Bell pointed at a giant spool of drilling cable. The other two understood his plan immediately. Terrified expressions on their smoke-grimed faces said they didn’t like it.
“It’s our only chance,” said Bell.
The spool was six feet high. They extracted the loose end of the cable from the coil, put their shoulders to the spool, and commenced rolling it to uncoil the cable. Men watching saw what they were up to and came to help.
A rigger ran up with a monkey wrench and a sack of cable clamps, nuts, and bolts. “You boys must be loco,” he shouted over the roar of fire. “Guess I’ll join the crowd.” He bent the loose end of the cable into a loop, clamped it together, and dragged it toward the locomotive, while Isaac Bell and the others dragged their end to the gasoline tank.
Tanks were burning behind them and to either side. Columns of smoke rose from the incinerated crude, swirling like tornadoes. They climbed swiftly, joined high overhead, and turned the sky black.
Pursued by the fire, Bell and his helpers pulled the cable to the foot of the gasoline tank. It was as high as a three-story house. A ladder led up its iron side. Bell slung the loop over his shoulder and climbed. The men bel
ow pushed the stiff cable up, trying to relieve him of some of the weight. He was breathing hard when he reached the top and swung onto the wooden roof. The farmer followed close behind carrying a crowbar and an ax.
“Can you run get me that monkey wrench?”
“What are you going to do?”
“Chop a hole in the roof,” said Bell, swinging the ax with all his might. “Run,” he said again. “In case I throw sparks.”
The fires were advancing quickly. Another oil tank exploded and thick burning crude flew through the air. With very little time to pierce the roof, he thanked his lucky stars for the Northwest timber case when he’d masqueraded as a lumberjack. Tar, wood chips, and splinters flew.
He chopped open a hole at the edge of the roof, just inside the iron wall. The fumes that suddenly vented were almost overwhelming. His head spun. The farmer came up the ladder again, gasping for wind.

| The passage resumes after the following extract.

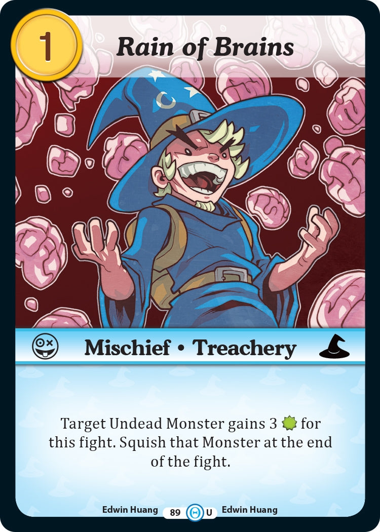 Description: | Target Undead Monster gains 3 [power] for this fight. Squish that Monster at the end of the fight. |

He passed Bell the monkey wrench.
“What’s it for?”
“Anchor,” said Bell, fastening the wrench’s jaws firmly around the cable. “Run while you can.”
He shoved the wrench and the cable loop through the hole and wedged it tightly with the crowbar and the ax. Then he signaled the Civil War vet, dropped down the ladder as fast as he could, and ran toward him.
A space of about two football fields separated the gasoline tank from the switch engine, which backed away, drawing the slack out of the drilling cable. When it was tight at a long, shallow angle between the top of the tank and the siding, Bell swung aboard the engine. “I’ll take her.”
“Welcome to it.”
Bell put his hands on the throttle and quadrant, admitted steam to the cylinders, and backed away smoothly. “Nice and easy, now.”
“Fine touch,” said the vet. “Where’d you learn it?”
Bell eyed the cable, which was tightening like a bowstring. “Borrowed a locomotive when I was in college.”